Jan 04 12:38:03 per03.test.local mysql[6378]:  * Starting MySQL (Percona XtraDB Cluster) database server mysqld
Jan 04 12:38:03 per03.test.local /etc/init.d/mysql[6436]: MySQL PID not found, pid_file detected/guessed: /var/run/mysqld/mysqld.pid
Jan 04 12:38:05 per03.test.local mysql[6378]:  * State transfer in progress, setting sleep higher mysqld
Jan 04 12:38:25 per03.test.local mysql[6378]:  * The server quit without updating PID file (/var/run/mysqld/mysqld.pid).
Jan 04 12:38:25 per03.test.local mysql[6378]:    ...fail!
Jan 04 12:38:25 per03.test.local systemd[1]: mysql.service: Control process exited, code=exited, status=1/FAILURE
Jan 04 12:38:25 per03.test.local systemd[1]: mysql.service: Failed with result 'exit-code'.
Jan 04 12:38:25 per03.test.local systemd[1]: Failed to start LSB: Start and stop the mysql (Percona XtraDB Cluster) daemon.
1 Like

Any ideas guys? I could give any additional information. :anguished:

1 Like

Please provide the mysql error log and not the output of systemctl.

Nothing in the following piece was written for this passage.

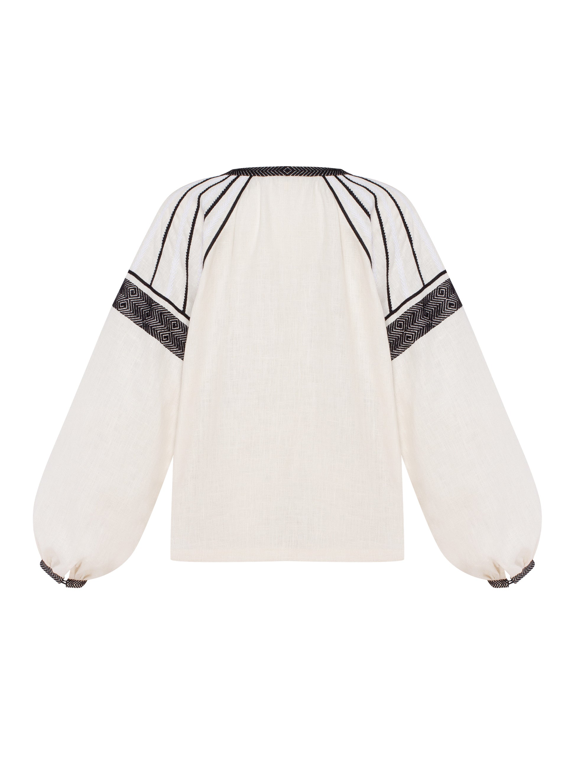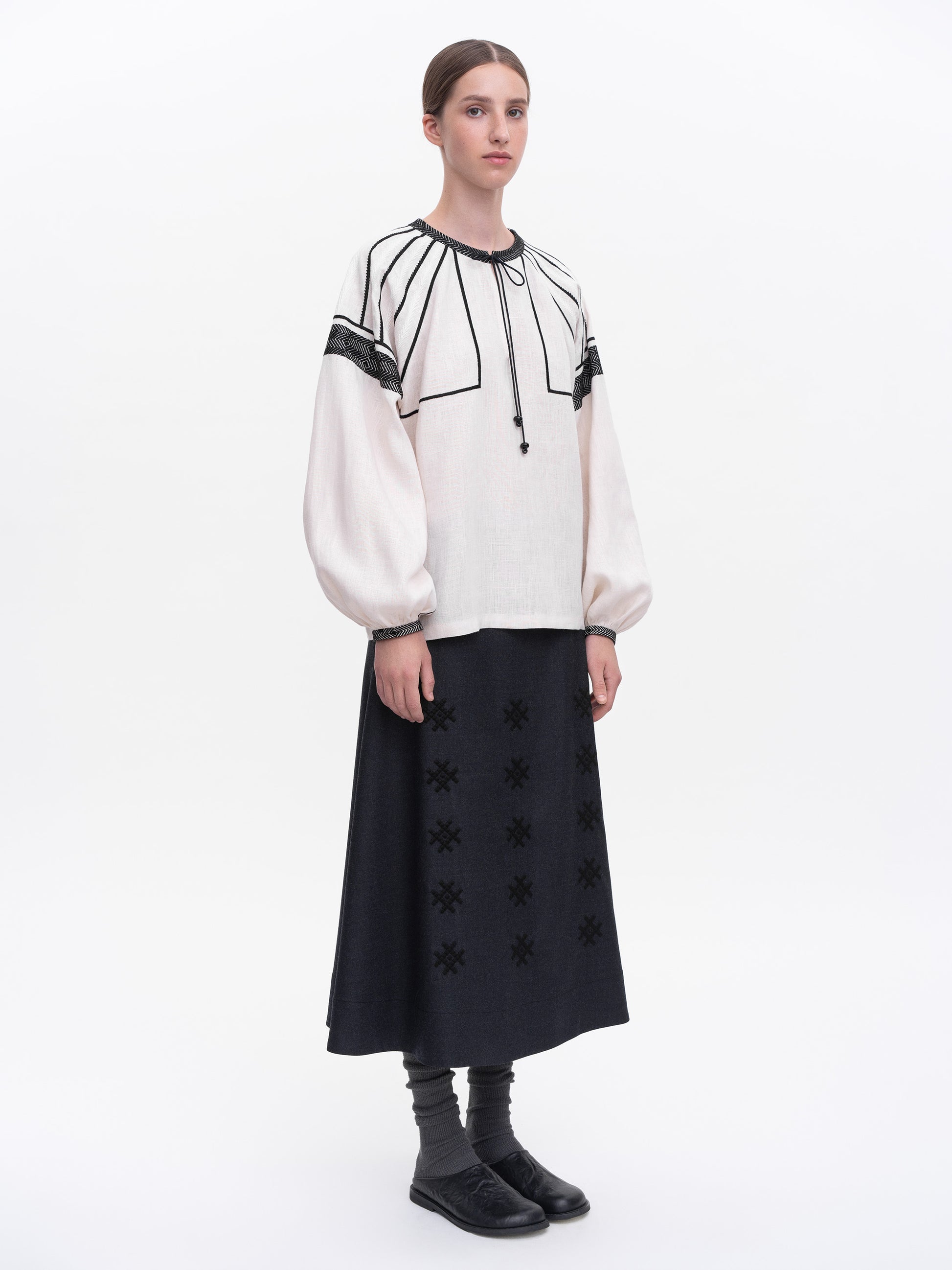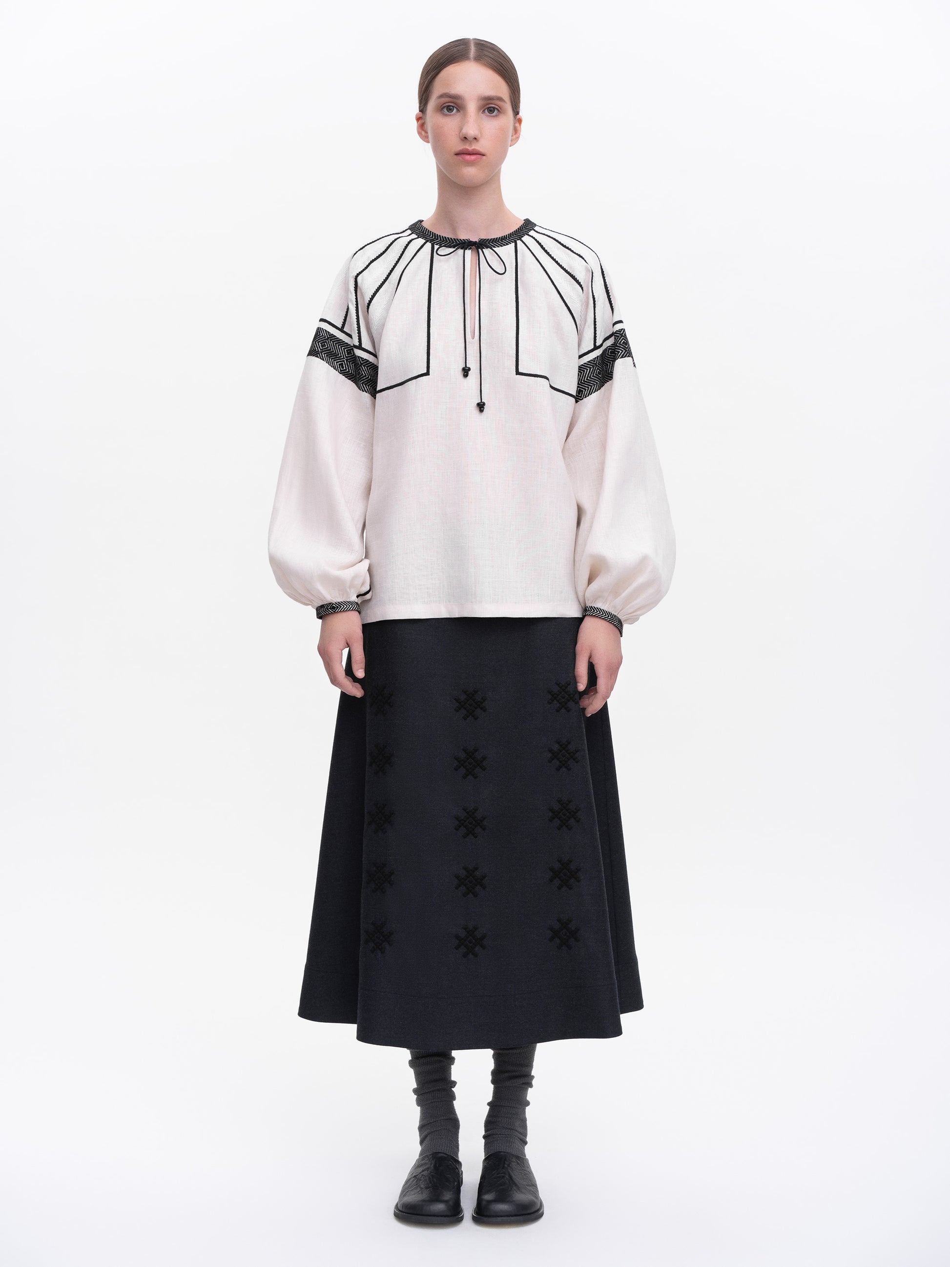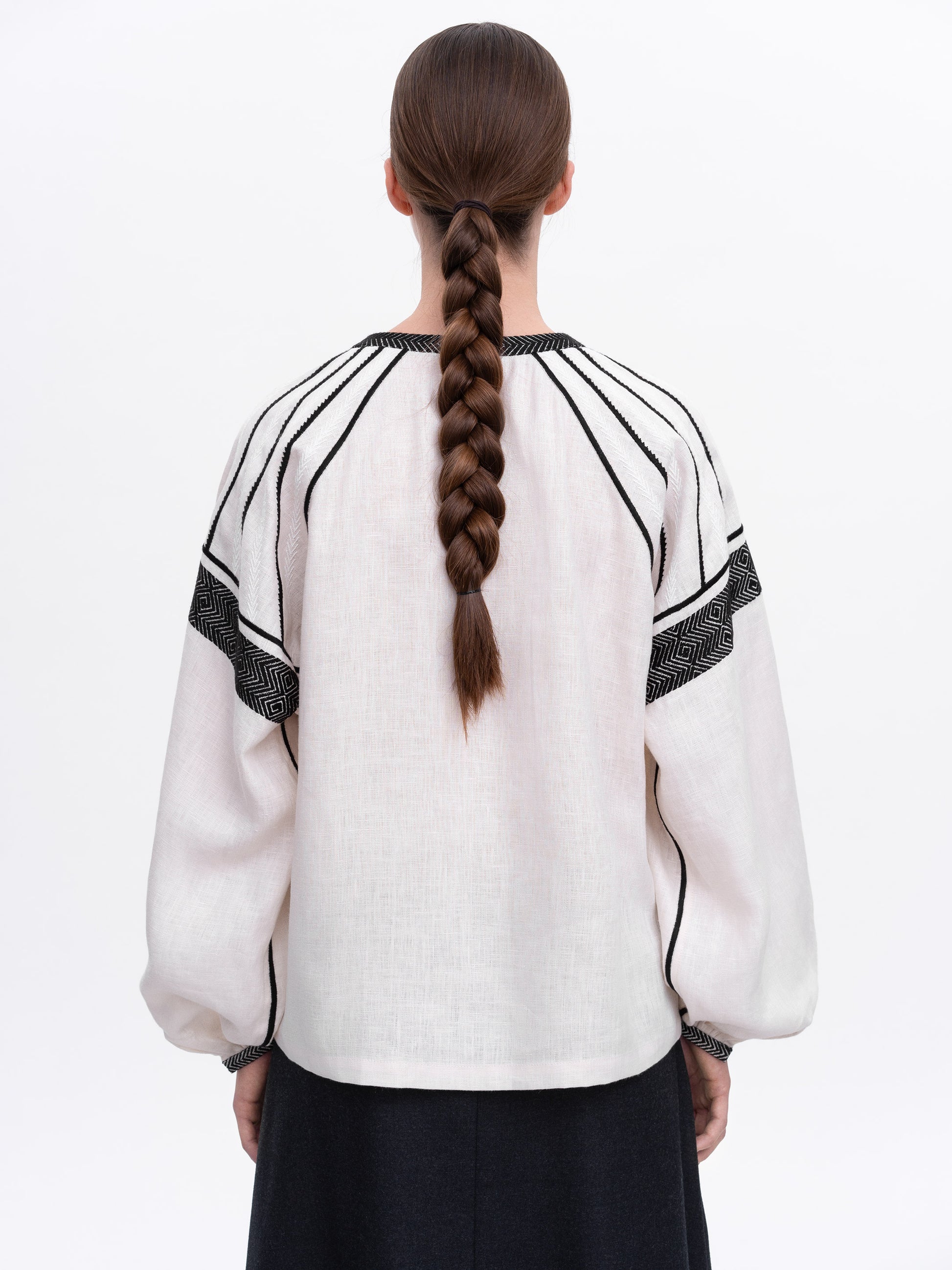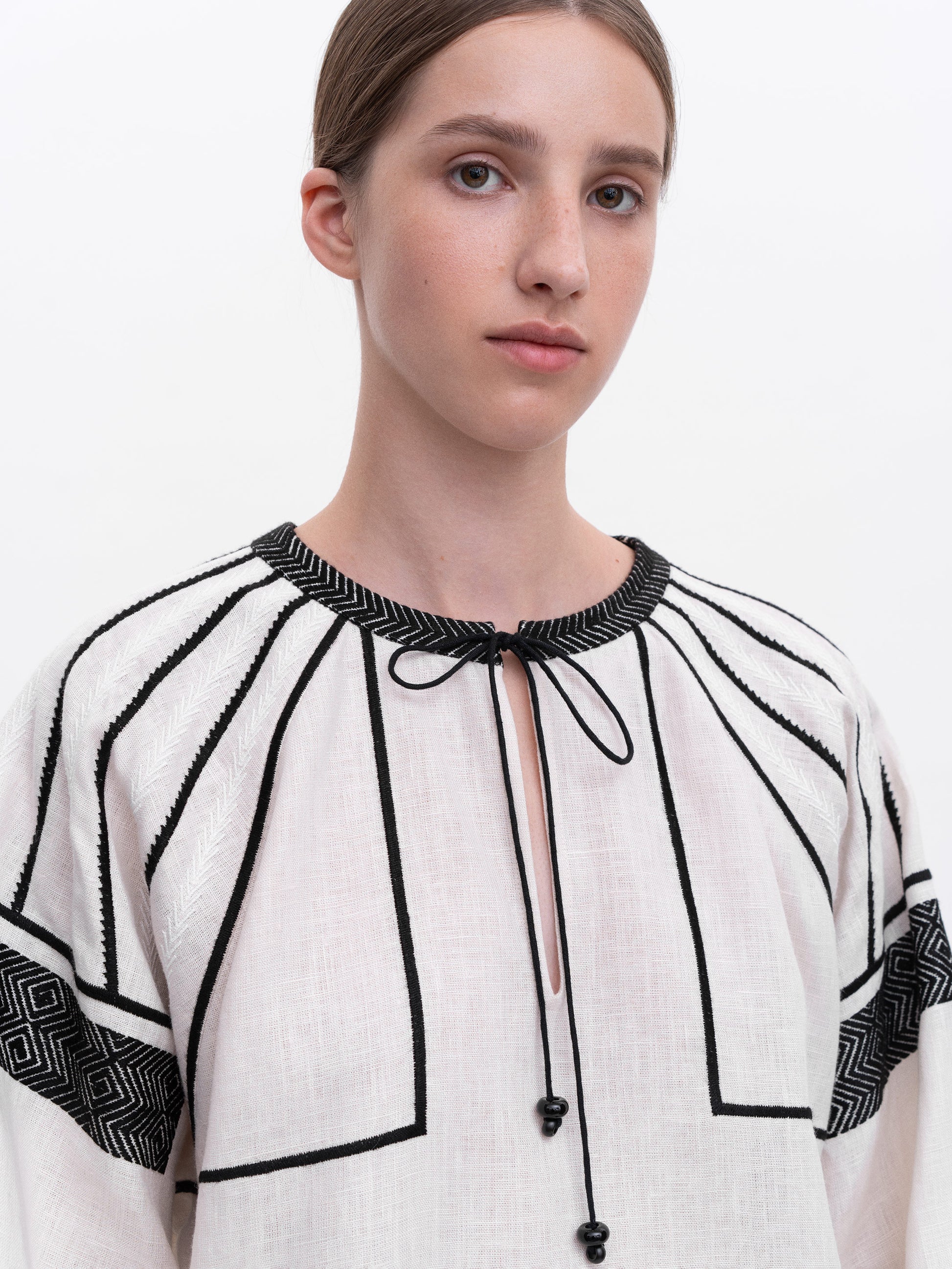 Linen shirt inspired by the ornamental composition of the Mizyn bracelet, one of Ukraine’s oldest archaeological finds.

Also, init.d scripts have been deprecated/dead for almost 7 years across all major operating systems. Why are you not using systemctl?

2 Likes

Thank you for your comment.

I used them because that’s what the manual recommends. But, I also tried systemctl start mysql and unfortunately the result is the same. Maybe there are some errors in the process or omissions in the installation process?

1 Like

Hmm. The manual is very much out of date then in that regard.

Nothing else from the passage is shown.